### Provided data
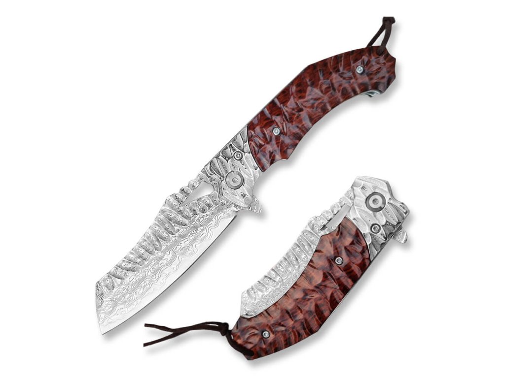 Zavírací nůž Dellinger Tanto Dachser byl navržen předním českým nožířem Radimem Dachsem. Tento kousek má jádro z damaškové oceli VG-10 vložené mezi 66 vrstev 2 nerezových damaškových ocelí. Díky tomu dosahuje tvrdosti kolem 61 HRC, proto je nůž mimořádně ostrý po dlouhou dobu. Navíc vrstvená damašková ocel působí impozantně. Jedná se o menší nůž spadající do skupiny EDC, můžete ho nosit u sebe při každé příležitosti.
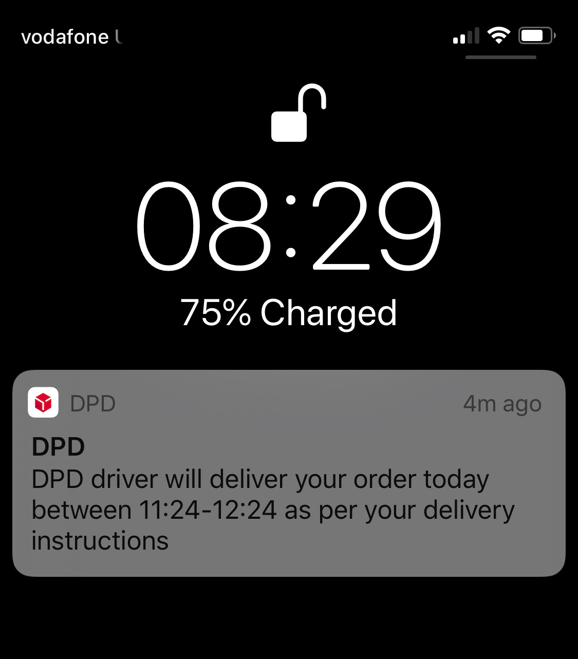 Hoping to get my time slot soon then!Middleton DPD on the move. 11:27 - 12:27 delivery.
--
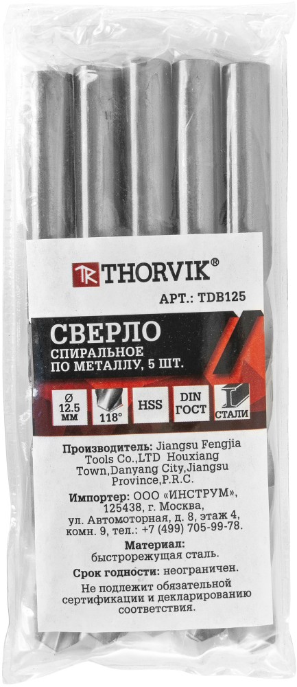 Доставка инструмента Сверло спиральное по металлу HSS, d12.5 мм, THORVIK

### Work instruction
From the listing above, restate verbatim the lines running from the one with "Zavírací nůž Dellinger" through the one with "Hoping to get", inclusive, but not the pictures.

### Your solution
 Zavírací nůž Dellinger Tanto Dachser byl navržen předním českým nožířem Radimem Dachsem. Tento kousek má jádro z damaškové oceli VG-10 vložené mezi 66 vrstev 2 nerezových damaškových ocelí. Díky tomu dosahuje tvrdosti kolem 61 HRC, proto je nůž mimořádně ostrý po dlouhou dobu. Navíc vrstvená damašková ocel působí impozantně. Jedná se o menší nůž spadající do skupiny EDC, můžete ho nosit u sebe při každé příležitosti.
 Hoping to get my time slot soon then!Middleton DPD on the move. 11:27 - 12:27 delivery.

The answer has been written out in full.